:: Directions ::
Only the stretch below from the line holding "で、飼い主が寒さに凍えて散歩してる最中このお方は相変わらず元気ですよ。" through the line holding "I put on my thong mask." should be restated, word for word and with both ends included; pictures stay out.

:: Data to process ::
____________________
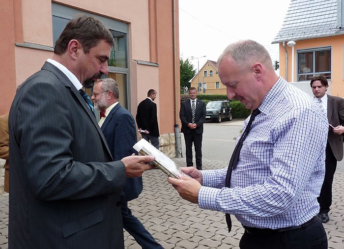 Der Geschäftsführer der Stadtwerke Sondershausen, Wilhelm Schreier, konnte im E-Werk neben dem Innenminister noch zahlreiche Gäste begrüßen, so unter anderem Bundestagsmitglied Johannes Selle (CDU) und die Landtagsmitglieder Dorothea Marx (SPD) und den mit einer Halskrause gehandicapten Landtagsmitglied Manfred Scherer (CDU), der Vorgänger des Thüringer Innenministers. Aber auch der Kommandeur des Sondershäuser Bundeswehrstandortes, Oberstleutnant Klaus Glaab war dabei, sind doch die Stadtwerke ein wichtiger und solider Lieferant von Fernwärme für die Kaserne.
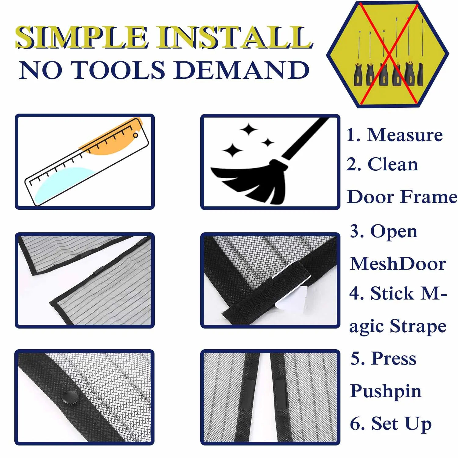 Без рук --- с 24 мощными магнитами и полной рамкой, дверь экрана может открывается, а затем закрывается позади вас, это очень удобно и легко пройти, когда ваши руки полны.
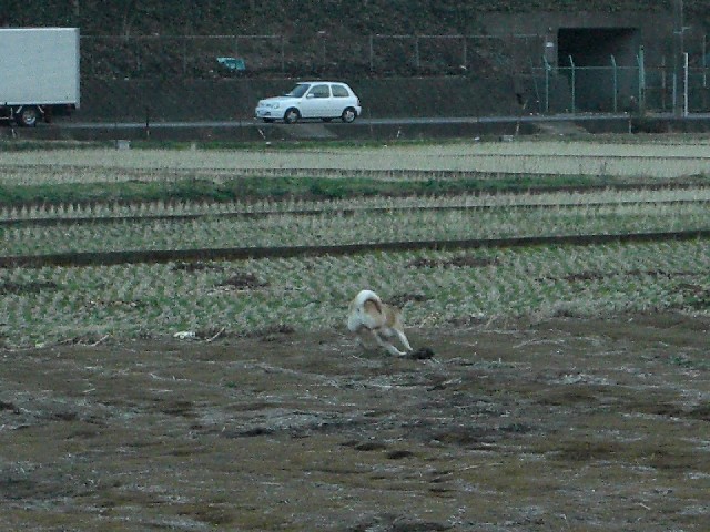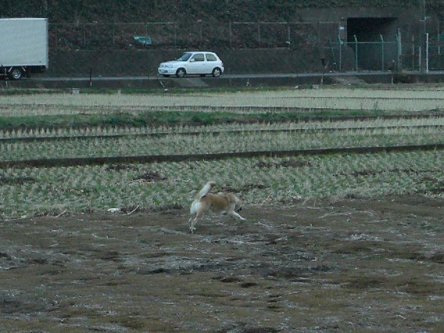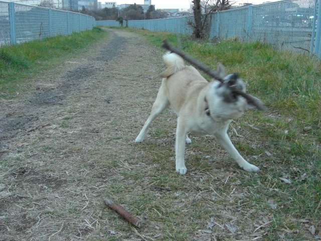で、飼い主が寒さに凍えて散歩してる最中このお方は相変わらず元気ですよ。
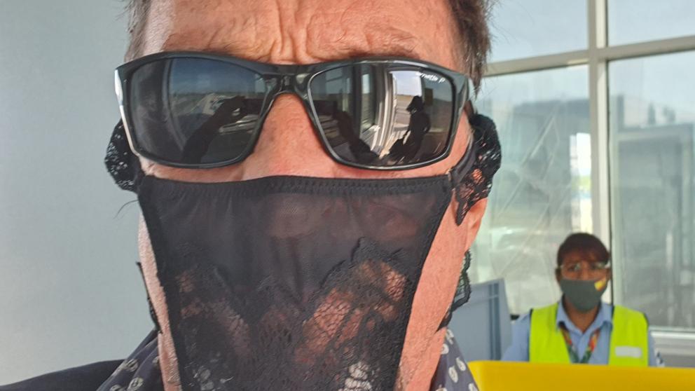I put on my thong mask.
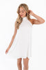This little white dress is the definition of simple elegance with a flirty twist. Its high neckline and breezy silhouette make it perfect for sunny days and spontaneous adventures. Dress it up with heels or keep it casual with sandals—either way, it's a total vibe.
____________________
:: Expected answer ::
で、飼い主が寒さに凍えて散歩してる最中このお方は相変わらず元気ですよ。
I put on my thong mask.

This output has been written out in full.